The Germans attempted a flanking maneuver on his right side, but Audie was keen to it and mowed them down.

For nearly an hour, Murphy killed or wounded 50 enemy soldiers and quelled the oncoming German onslaught.

An explosion nearly ejected him from the tank and sent razor-sharp shrapnel flying into his legs, but Audie kept fighting. The only thing that stopped Audie’s Rambo-like bravery was that he ran out of ammunition and was forced to withdraw.

His fearless grit held off the enemy’s advance and allowed him to lead his men in a mighty counterattack that ultimately drove the Germany from Holtzwihr. For his heroic actions, Murphy was awarded the Medal of Honor, the nation’s highest award for gallantry in action.

In May 1945, victory was declared in Europe, and Audie still couldn’t legally have a drink because he was only 20-years-old.

“I feel no qualms; no pride; no remorse,” Murphy said. “There is only a weary indifference that will follow me throughout the war.”

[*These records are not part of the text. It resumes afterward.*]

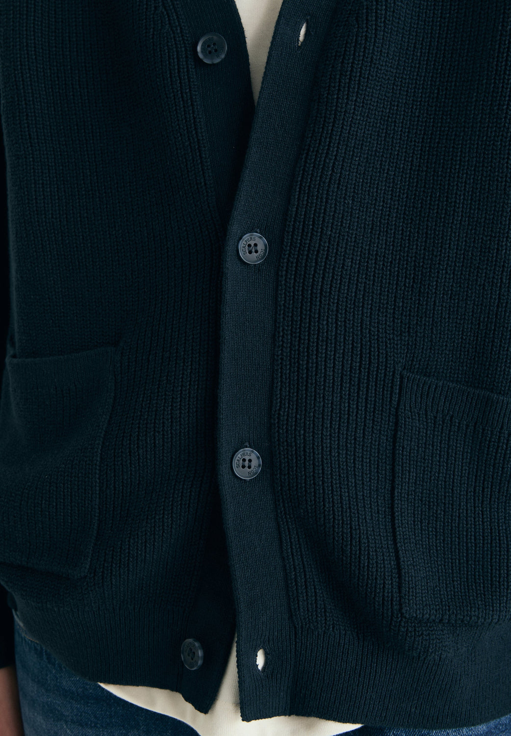 Cardigan made of a cotton and linen blend. Raglan sleeves. Polo shirt collar. Patch pockets. Front button fastening.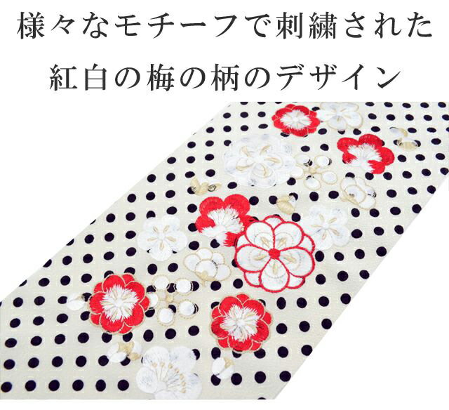 振袖 振袖用 半衿 刺繍 ふりそで はんえり 彩小径 成人式 入学式 卒業式 日本製 CHARA 梅 水玉 白色 sin8297-bob12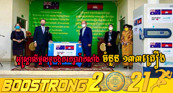 រាចធានីភ្នំពេញ៖ យោងតាមការចុះផ្សាយរបស់ ក្រសួងព័ត៌មាន បានឲ្យដឹងថា ឯកឧត្តមសាស្រ្តាចារ្យ ម៉ម ប៊ុនហេង រដ្ឋមន្រ្តីក្រសួងសុខាភិបាល និងឯកឧត្តម ប៉ាប្លូ កង់ (Pablo Kang) ឯកអគ្គរាជទូតអូស្រ្តាលី ប្រចាំកម្ពុជា អញ្ជើញជាអធិបតីក្នុងពិធីប្រគល់-ទទួលទូបង្កករក្សាវ៉ាក់សាំង ចំនួន១៣៣គ្រឿង និងបរិក្ខាប្រព័ន្ធត្រជាក់ដទៃទៀតពីរដ្ឋាភិបាល និងប្រជាជនអូស្រ្តាលី ជូនដល់រាជរដ្ឋាភិបាល និងប្រជាជនកម្ពុជា សម្រាប់យុទ្ធនាការចាក់វ៉ាក់សាំងបង្ការជំងឺកូវីដ-១៩ នាថ្ងៃទី២៨ ខែកុម្ភៈ ឆ្នាំ២០២២ នៅរាជធានីភ្នំពេញ ៕ ប្រភព៖ ក្រសួងព័ត៌មាន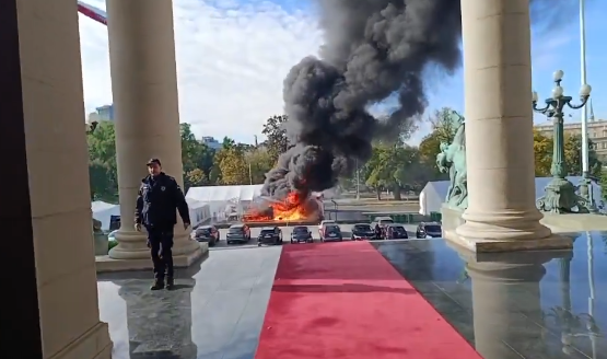 Kako se vidi na snimcima, gori veliki šator koji se nalazi između zgrade Skupštine i Pionirskom parku.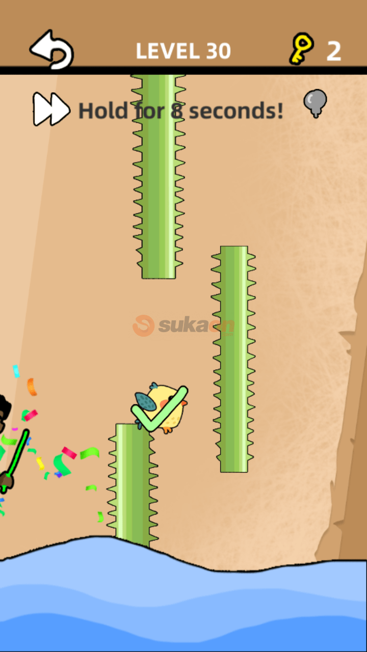 A: Kamu tidak perlu melewati jebakan berduri, kamu hanya perlu menjatuhkan burung tersebut ke perahu dan tunggu sampai waktu selesai.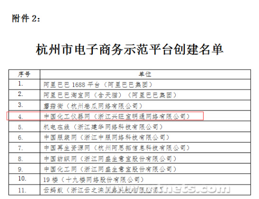 為了響應(yīng)號(hào)召,杭州市電子商務(wù)工作聯(lián)席會(huì)議辦公室積極開展杭州市電子商務(wù)示范工程創(chuàng)建工作,經(jīng)各區(qū)、縣(市)商務(wù)主管部門對(duì)申報(bào)企業(yè)進(jìn)行審核推薦,杭州市電子商務(wù)示范工程專家委員會(huì)評(píng)審,目前已確定45家杭州市電子商務(wù)示范企業(yè),11個(gè)杭州市電子商務(wù)示范平臺(tái)、8家杭州市電子商務(wù)示范基地(園區(qū))名單。興旺寶明通旗下中國化工儀器網(wǎng)榮獲“杭州市電子商務(wù)示范平臺(tái)”稱號(hào)。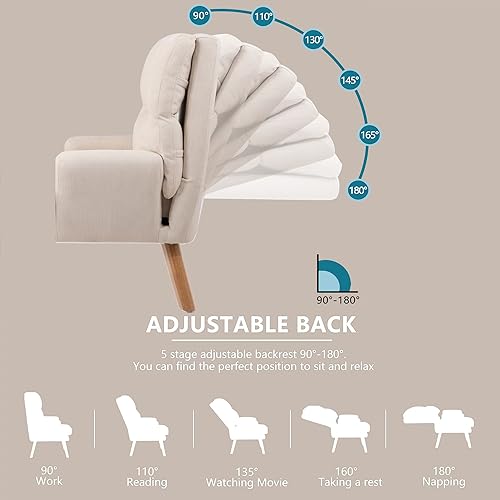 Accent Chair with Ottoman Set,Fabric Armchair with Wood Legs and Adjustable High Backrest,Upholstered Lounge Chair for Living Room,Bedroom,Reading Room and Study (Beige)
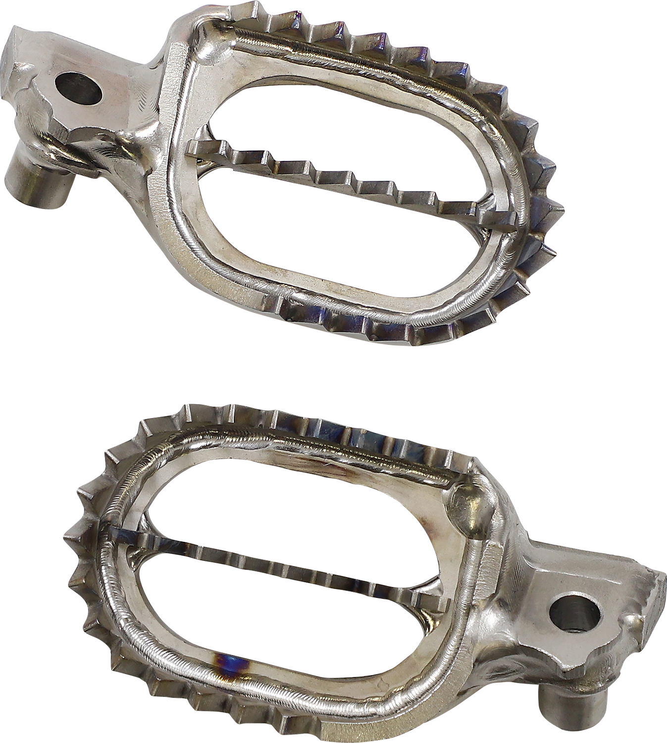 Made from aerospace-grade titanium Grade 5 Ti-6AL-4V with chamber-controlled welding, 57 mm cleated platform provides ample surface area and support for the most aggressive riding, Super lightweight coming in under 300 grams per set, Inner cleated webbing design provides added traction surface and strength to the foot pegs, Beveled front and rear edge, prevents pegs from hanging up in deep ruts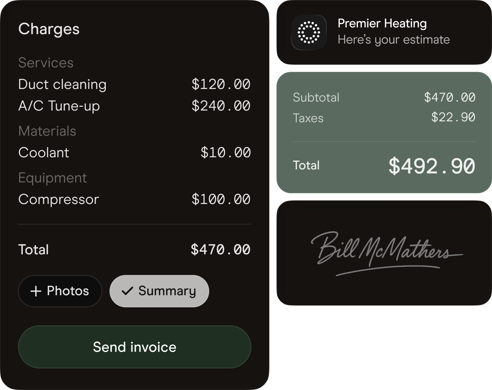Generate professional estimates and invoices on the fly. Send them to customers automatically, track their approval status and get paid all from your phone. Go from sent to signed in seconds.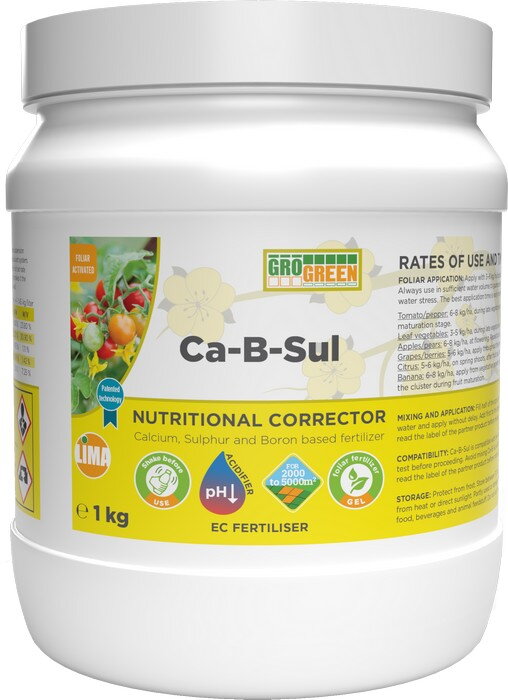 GROGREEN Gel Ca-B-Sul je suspenzija visokokoncentrovanog đubriva sa kalcijumom koje se nalazi u sinergiji sa sumporom i borom, pH buffer i komleksni adjuvantski sistem.
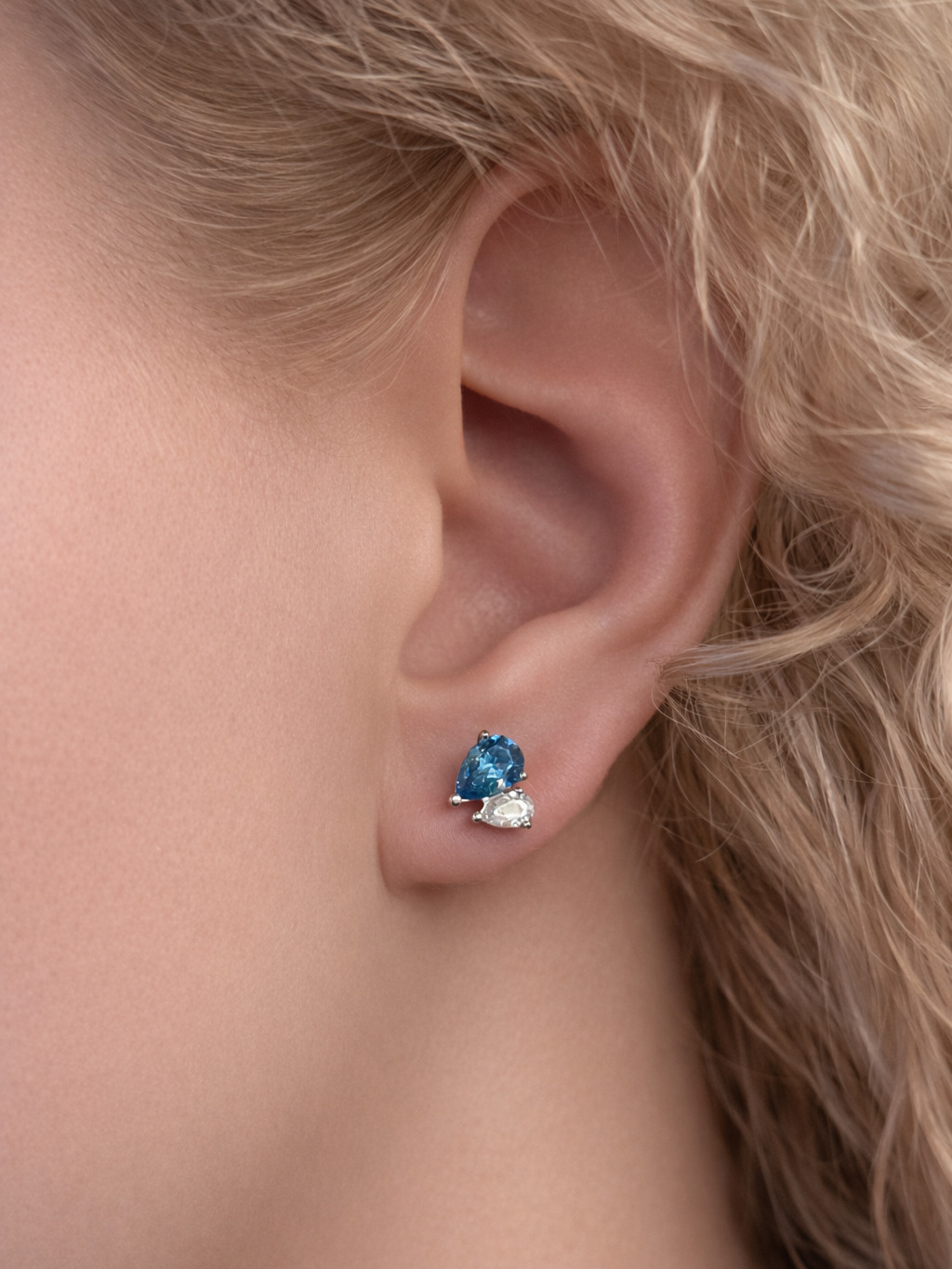 Серьги пусеты из белого золота 585 пробы с цветными фианитами

Here are the medals, awards and badges that Murphy earned throughout his illustrious military career:

  • Medal of Honor
  • Distinguished Service Cross
  • Silver Star (x2)
  • Legion of Merit
  • Bronze Star
  • Purple Heart (x3)
  • Outstanding Civilian Service Medal
  • Good Conduct Medal
  • Distinguished Unit Emblem
  • American Campaign Medal
  • European-African-Middle Eastern Campaign Medal
  • World War II Victory Medal
  • Army of Occupation Medal
  • Armed Forces Reserve Medal
  • Combat Infantry Badge
  • Marksmanship Badge
  • Expert Marksmanship Badge
  • French Fourragere
  • French Legion of Honor, Grade of Chevalier
  • French Croix de Guerre With Palm and Silver Star
  • Belgian Croix de Guerre 1940 With Palm
  • Medal of Liberated France
  • Texas Legislative Medal of Honor

The deadliest conflict in human history was over, but the horrors of war still ravaged on in Murphy’s mind. He had been plagued with insomnia, violent mood swings, depression and he slept with a loaded pistol under his pillow every night. He suffered tremendous guilt about his friends who he wasn’t able to save.

In 1947 he told doctors that he was constantly suffering from headaches, vomiting and nightmares about war. To combat the clashes in his brain, Murphy took sleeping pills to ease his mind enough to get a few hours of rest a night.

By the mid-1960s, Audie realized he had a dependency on the sedative Placidyl, so he locked himself alone in a hotel room for a week to go cold turkey and successfully break the addiction.

Murphy was one of the first people in history to speak openly about post-traumatic stress disorder or “battle fatigue” and “shellshock” as it was known at that time. The national war hero publicly admitted that he had difficulties dealing with PTSD.

He tried to help veterans who were damaged after returning from the Korean War and Vietnam War. He urged the U.S. government to provide more research and mental health care towards those who had to live with these demons in their heads years after they were out of combat.

Murphy spun his hero status into an acting career. From 1948 to 1969, Murphy made more than 40 feature films and one television series.

On May 28, 1971, Audie Murphy and five others died when a private plane crashed into Brush Mountain in Virginia during a business trip.

On June 7, 1971, Murphy was buried with full military honors at Arlington National Cemetery with then Ambassador to the U.N. George H.W. Bush, Army Chief of Staff William Westmoreland and many of the 3rd Infantry Division. The headstones of Medal of Honor recipients buried at Arlington National Cemetery are typically decorated in gold leaf. However, prior to his death Murphy requested that his stone remain plain and inconspicuous, like that of every other soldier.

In 1973, the Audie L. Murphy Memorial VA Hospital in San Antonio, Texas was dedicated in the war hero’s honor.

Let’s take some time away from our barbecues and suntanning at beach this long weekend to remember and pay tribute to the incredibly brave souls who have sacrificed so much to make this country so great.